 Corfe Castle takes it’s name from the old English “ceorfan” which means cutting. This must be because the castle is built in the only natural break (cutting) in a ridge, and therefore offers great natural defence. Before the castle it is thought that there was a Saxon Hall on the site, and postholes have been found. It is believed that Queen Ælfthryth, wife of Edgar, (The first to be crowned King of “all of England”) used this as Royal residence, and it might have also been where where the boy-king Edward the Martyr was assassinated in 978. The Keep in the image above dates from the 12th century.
...
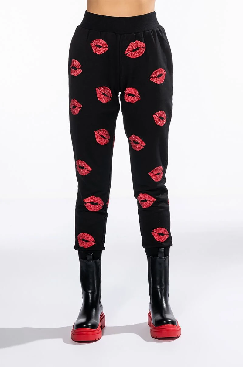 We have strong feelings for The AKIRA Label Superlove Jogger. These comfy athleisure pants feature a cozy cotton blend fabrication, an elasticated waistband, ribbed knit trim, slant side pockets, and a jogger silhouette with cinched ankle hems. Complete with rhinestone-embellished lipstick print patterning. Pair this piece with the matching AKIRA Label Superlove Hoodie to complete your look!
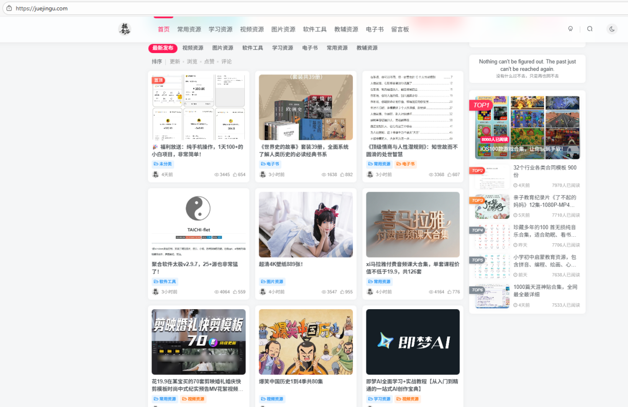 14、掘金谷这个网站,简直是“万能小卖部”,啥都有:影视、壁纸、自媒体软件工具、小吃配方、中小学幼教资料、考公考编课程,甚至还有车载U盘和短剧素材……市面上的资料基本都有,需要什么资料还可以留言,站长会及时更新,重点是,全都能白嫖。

- Task: Between and including the line above that contains "We have strong" and the line that contains "14、掘金谷这个网站,简直是", restate every line word for word. Pictures stay out.

- Expected answer:
 We have strong feelings for The AKIRA Label Superlove Jogger. These comfy athleisure pants feature a cozy cotton blend fabrication, an elasticated waistband, ribbed knit trim, slant side pockets, and a jogger silhouette with cinched ankle hems. Complete with rhinestone-embellished lipstick print patterning. Pair this piece with the matching AKIRA Label Superlove Hoodie to complete your look!
 14、掘金谷这个网站,简直是“万能小卖部”,啥都有:影视、壁纸、自媒体软件工具、小吃配方、中小学幼教资料、考公考编课程,甚至还有车载U盘和短剧素材……市面上的资料基本都有,需要什么资料还可以留言,站长会及时更新,重点是,全都能白嫖。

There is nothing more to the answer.